** Opening Data to process block **
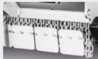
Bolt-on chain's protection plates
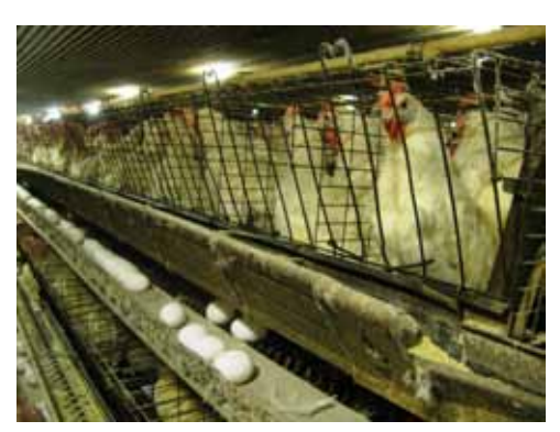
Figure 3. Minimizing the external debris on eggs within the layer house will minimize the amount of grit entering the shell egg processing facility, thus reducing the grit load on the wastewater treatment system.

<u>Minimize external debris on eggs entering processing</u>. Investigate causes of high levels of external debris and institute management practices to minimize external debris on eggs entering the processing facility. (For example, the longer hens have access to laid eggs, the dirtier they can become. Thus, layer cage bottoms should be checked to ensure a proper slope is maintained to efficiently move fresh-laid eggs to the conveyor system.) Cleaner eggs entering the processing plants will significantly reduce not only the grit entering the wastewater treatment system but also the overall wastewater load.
** Closing Data to process block **
** Opening Data to process block **
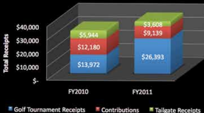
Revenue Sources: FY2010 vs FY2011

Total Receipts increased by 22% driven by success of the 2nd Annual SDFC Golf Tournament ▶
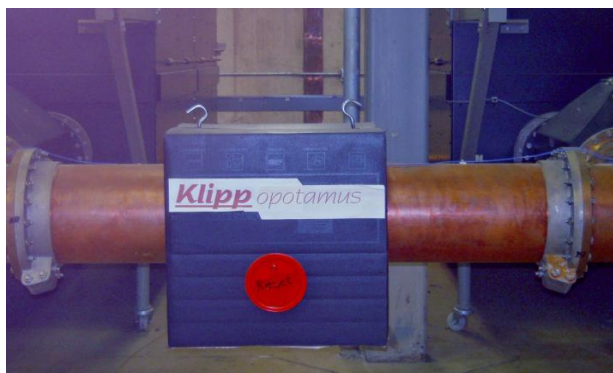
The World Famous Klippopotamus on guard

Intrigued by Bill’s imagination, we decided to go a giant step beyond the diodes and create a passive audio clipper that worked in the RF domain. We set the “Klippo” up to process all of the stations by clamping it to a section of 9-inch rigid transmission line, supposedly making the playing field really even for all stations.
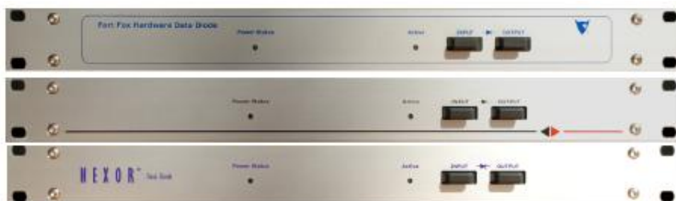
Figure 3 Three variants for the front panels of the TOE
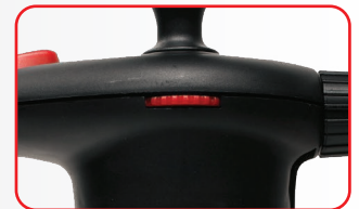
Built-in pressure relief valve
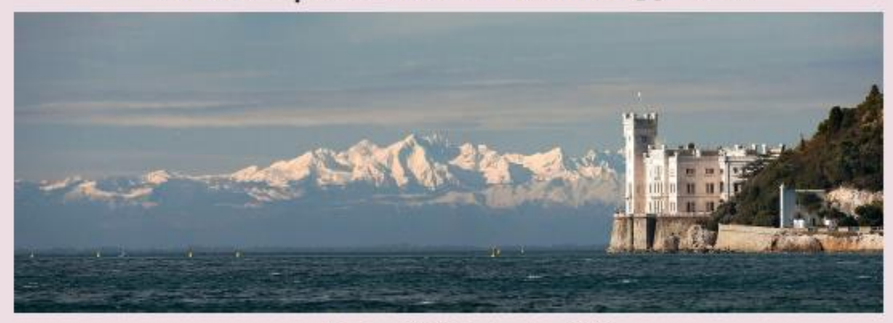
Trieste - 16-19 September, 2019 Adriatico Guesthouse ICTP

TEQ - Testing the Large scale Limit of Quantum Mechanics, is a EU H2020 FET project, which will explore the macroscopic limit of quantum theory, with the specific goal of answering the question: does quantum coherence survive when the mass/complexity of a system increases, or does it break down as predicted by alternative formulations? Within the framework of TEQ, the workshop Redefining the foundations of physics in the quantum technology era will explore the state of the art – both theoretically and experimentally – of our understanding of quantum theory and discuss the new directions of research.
** Closing Data to process block **
** Opening Data to process block **
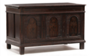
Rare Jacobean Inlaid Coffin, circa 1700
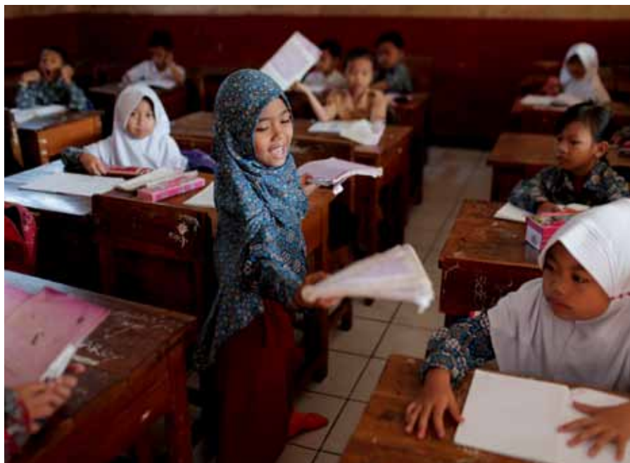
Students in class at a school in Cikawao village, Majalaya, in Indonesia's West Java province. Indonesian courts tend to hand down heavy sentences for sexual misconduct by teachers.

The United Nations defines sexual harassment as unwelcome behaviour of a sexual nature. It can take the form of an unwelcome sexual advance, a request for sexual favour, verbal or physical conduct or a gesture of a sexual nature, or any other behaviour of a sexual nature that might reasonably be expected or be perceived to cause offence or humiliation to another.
** Closing Data to process block **
__Instructions for the task__: Everything from the line with "Bolt-on chain's protection plates" down to the line with "Figure 3. Minimizing" in the data above should be copied exactly, with both end lines kept and the pictures left out.

__Answer for this exercise__:
Bolt-on chain's protection plates
Figure 3. Minimizing the external debris on eggs within the layer house will minimize the amount of grit entering the shell egg processing facility, thus reducing the grit load on the wastewater treatment system.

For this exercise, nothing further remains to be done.